Instructions for the task :: Your answer should hold the data exactly as given, minus any picture.

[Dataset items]
++++++++++
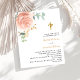 Pour la confirmation de 2 filles, soeurs. Un arrière - plan blanc décoré de verdure d'eucalyptus, de feuilles dorés et d'une fleur d'or rose. Personnalisez et les noms des filles et les détails. Lettres noires et dorées. 1 feuille = 1 invite imprimé bord à bord.
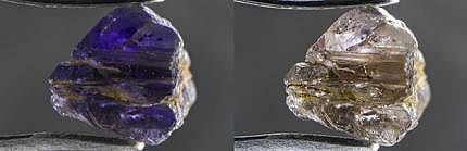 Johnkoivulaite has a hexagonal crystal structure that is very similar to beryl and other members of the beryl group, such as pezzottaite. Standard gemological testing gave an RI of 1.608, with a birefringence too small to accurately measure, an SG of 3.01, a hardness of 7½, a conchoidal fracture, vitreous luster, and no reaction to long-wave or short-wave UV. This mineral is especially unique due to the strong pleochroism it shows from deep violet to nearly colorless when observed with polarized light.
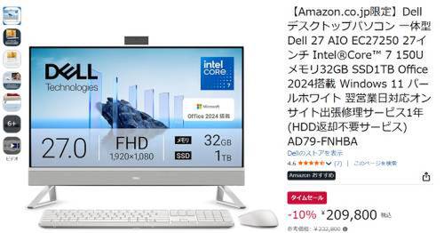 Dellの27インチ一体型デスクトップPC「Dell 27 AIO EC27250」が、Amazonのタイムセール対象になっています。参考価格232,800円のところ、10%オフの209,800円で販売中です。
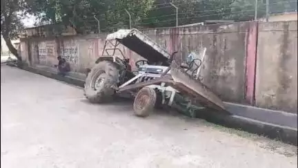 भांडेर थाना क्षेत्र के सामुदायिक स्वास्थ्य केंद्र के पास शनिवार दोपहर 03 बजे के आसपास एक तेज रफ्तार ट्रैक्टर अनियंत्रित होकर नाले में पलट गया। इस हादसे में ट्रैक्टर चालक बाल-बाल बच गया। जिसे एक बड़ा हादसा टल गया। स्थानीय लोगों ने जानकारी देते हुए बताया कि एक ट्रैक्टर जोकि दतिया रोड की तरफ से थाने की ओर जा रहा था तभी अनियंत्रित होकर पलट गया
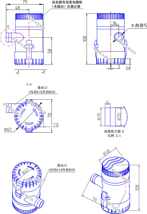 3.该系列微型潜水泵内部没有止回阀,断电工作时,若排水端液面高于进水端液面,液体会有倒流现象,直到两端液面平行无落差。故停机时若要实现“止回”(阻止回流)功能,必须要另外借助阀门、防止倒流的特殊接头等才能实现,这点请注意。
++++++++++
Solution to this problem ::
 Pour la confirmation de 2 filles, soeurs. Un arrière - plan blanc décoré de verdure d'eucalyptus, de feuilles dorés et d'une fleur d'or rose. Personnalisez et les noms des filles et les détails. Lettres noires et dorées. 1 feuille = 1 invite imprimé bord à bord.
 Johnkoivulaite has a hexagonal crystal structure that is very similar to beryl and other members of the beryl group, such as pezzottaite. Standard gemological testing gave an RI of 1.608, with a birefringence too small to accurately measure, an SG of 3.01, a hardness of 7½, a conchoidal fracture, vitreous luster, and no reaction to long-wave or short-wave UV. This mineral is especially unique due to the strong pleochroism it shows from deep violet to nearly colorless when observed with polarized light.
 Dellの27インチ一体型デスクトップPC「Dell 27 AIO EC27250」が、Amazonのタイムセール対象になっています。参考価格232,800円のところ、10%オフの209,800円で販売中です。
 भांडेर थाना क्षेत्र के सामुदायिक स्वास्थ्य केंद्र के पास शनिवार दोपहर 03 बजे के आसपास एक तेज रफ्तार ट्रैक्टर अनियंत्रित होकर नाले में पलट गया। इस हादसे में ट्रैक्टर चालक बाल-बाल बच गया। जिसे एक बड़ा हादसा टल गया। स्थानीय लोगों ने जानकारी देते हुए बताया कि एक ट्रैक्टर जोकि दतिया रोड की तरफ से थाने की ओर जा रहा था तभी अनियंत्रित होकर पलट गया
 3.该系列微型潜水泵内部没有止回阀,断电工作时,若排水端液面高于进水端液面,液体会有倒流现象,直到两端液面平行无落差。故停机时若要实现“止回”(阻止回流)功能,必须要另外借助阀门、防止倒流的特殊接头等才能实现,这点请注意。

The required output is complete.